=== Exercise description ===
Could you set down the listing below exactly, leaving out its pictures?

=== Raw data ===
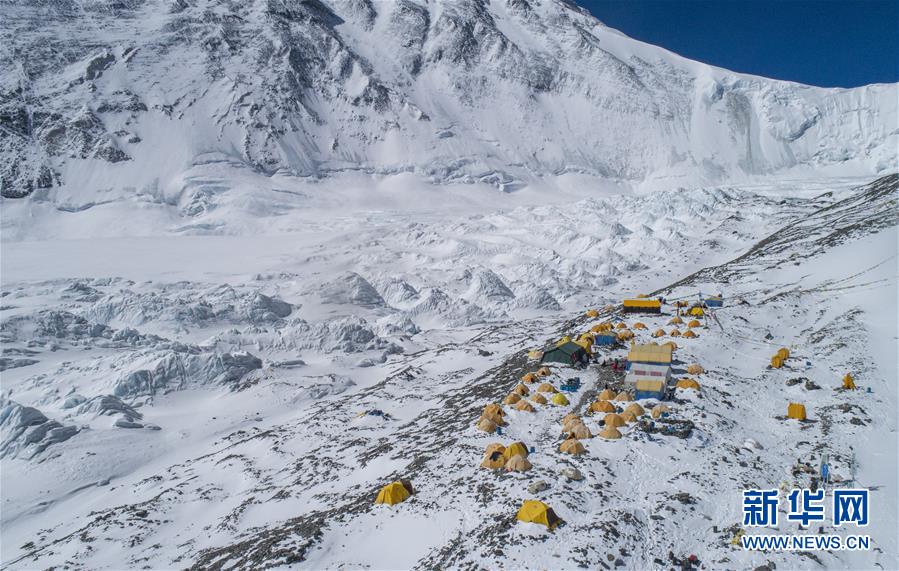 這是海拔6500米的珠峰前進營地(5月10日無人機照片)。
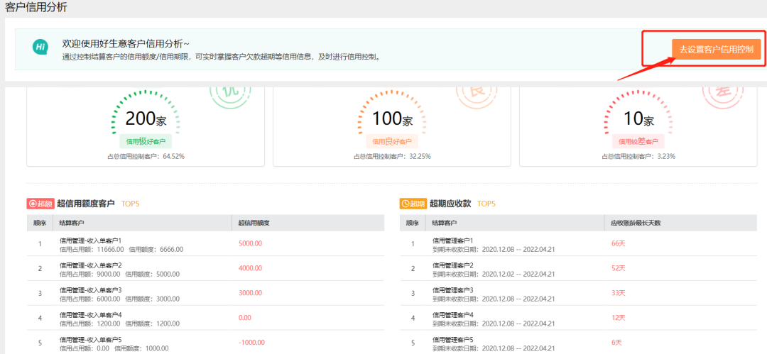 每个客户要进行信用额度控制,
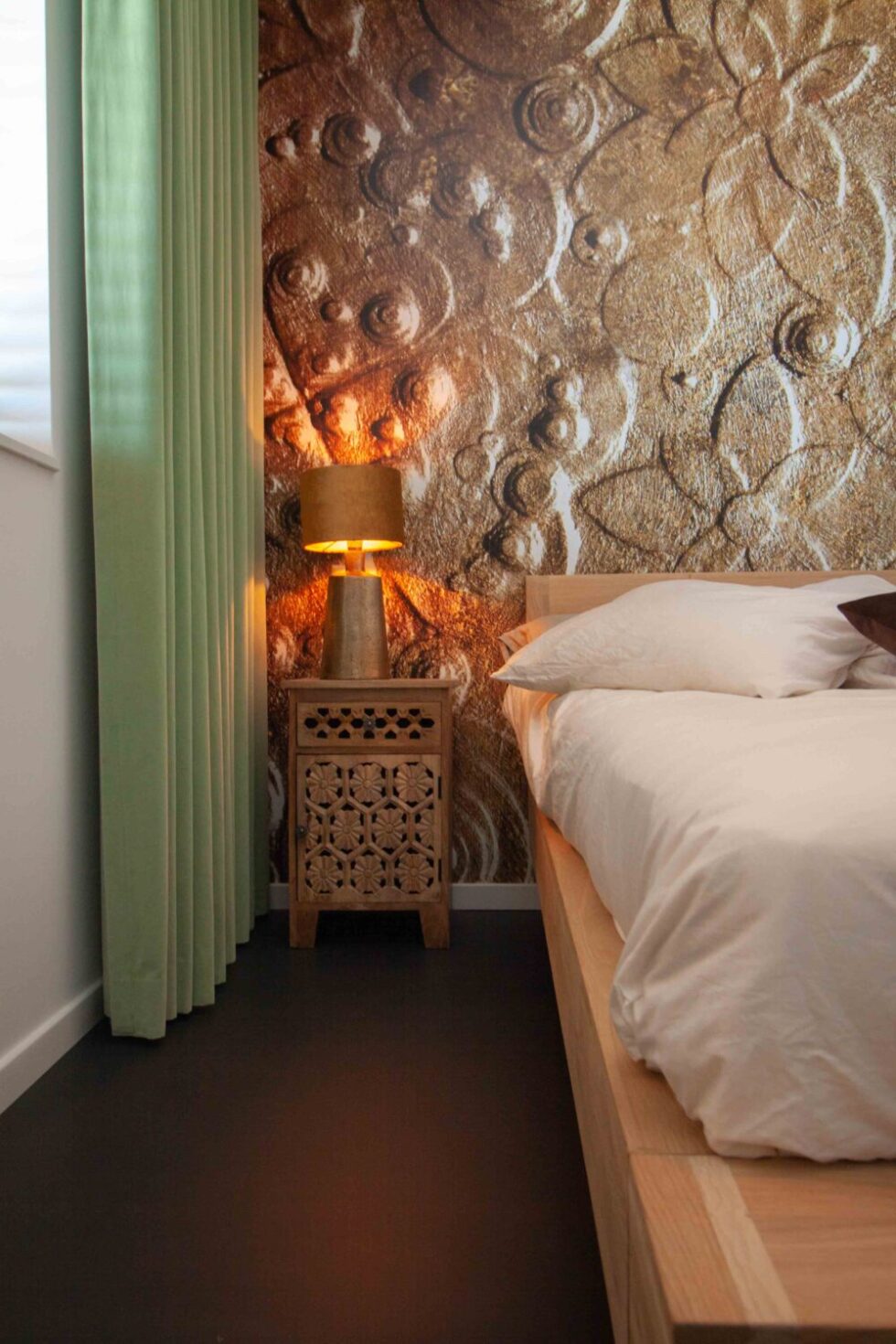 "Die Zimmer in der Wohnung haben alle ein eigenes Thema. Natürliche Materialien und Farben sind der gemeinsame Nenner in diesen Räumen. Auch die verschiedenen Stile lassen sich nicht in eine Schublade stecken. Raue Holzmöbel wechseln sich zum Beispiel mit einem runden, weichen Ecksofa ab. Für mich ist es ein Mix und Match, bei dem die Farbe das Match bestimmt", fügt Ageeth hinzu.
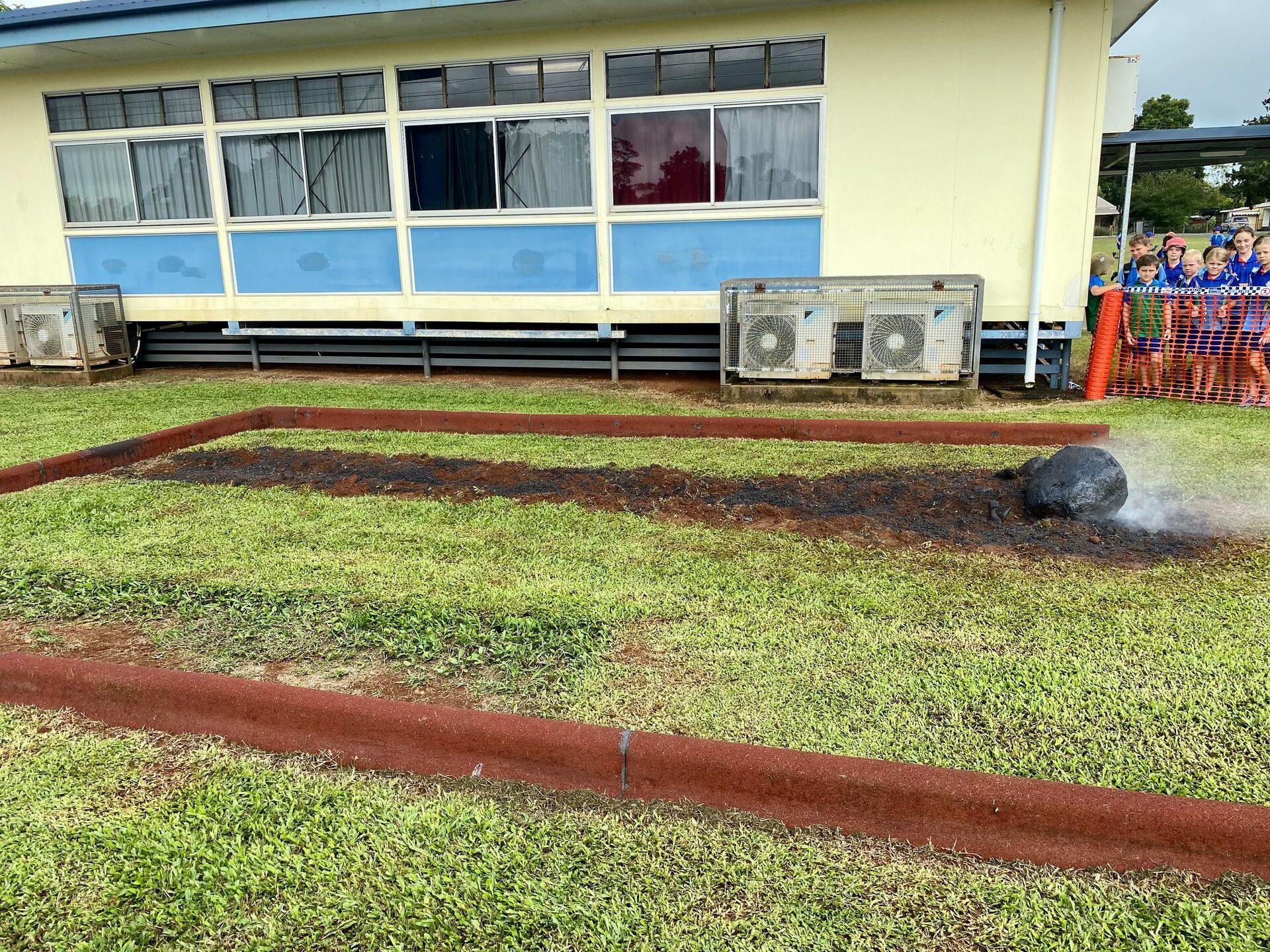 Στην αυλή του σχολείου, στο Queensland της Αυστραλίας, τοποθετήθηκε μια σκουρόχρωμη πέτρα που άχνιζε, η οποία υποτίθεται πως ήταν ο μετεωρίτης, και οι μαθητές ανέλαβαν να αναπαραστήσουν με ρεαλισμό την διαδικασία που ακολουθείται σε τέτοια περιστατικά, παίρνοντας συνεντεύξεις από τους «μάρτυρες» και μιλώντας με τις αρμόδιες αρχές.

=== Result ===
 這是海拔6500米的珠峰前進營地(5月10日無人機照片)。
 每个客户要进行信用额度控制,
 "Die Zimmer in der Wohnung haben alle ein eigenes Thema. Natürliche Materialien und Farben sind der gemeinsame Nenner in diesen Räumen. Auch die verschiedenen Stile lassen sich nicht in eine Schublade stecken. Raue Holzmöbel wechseln sich zum Beispiel mit einem runden, weichen Ecksofa ab. Für mich ist es ein Mix und Match, bei dem die Farbe das Match bestimmt", fügt Ageeth hinzu.
 Στην αυλή του σχολείου, στο Queensland της Αυστραλίας, τοποθετήθηκε μια σκουρόχρωμη πέτρα που άχνιζε, η οποία υποτίθεται πως ήταν ο μετεωρίτης, και οι μαθητές ανέλαβαν να αναπαραστήσουν με ρεαλισμό την διαδικασία που ακολουθείται σε τέτοια περιστατικά, παίρνοντας συνεντεύξεις από τους «μάρτυρες» και μιλώντας με τις αρμόδιες αρχές.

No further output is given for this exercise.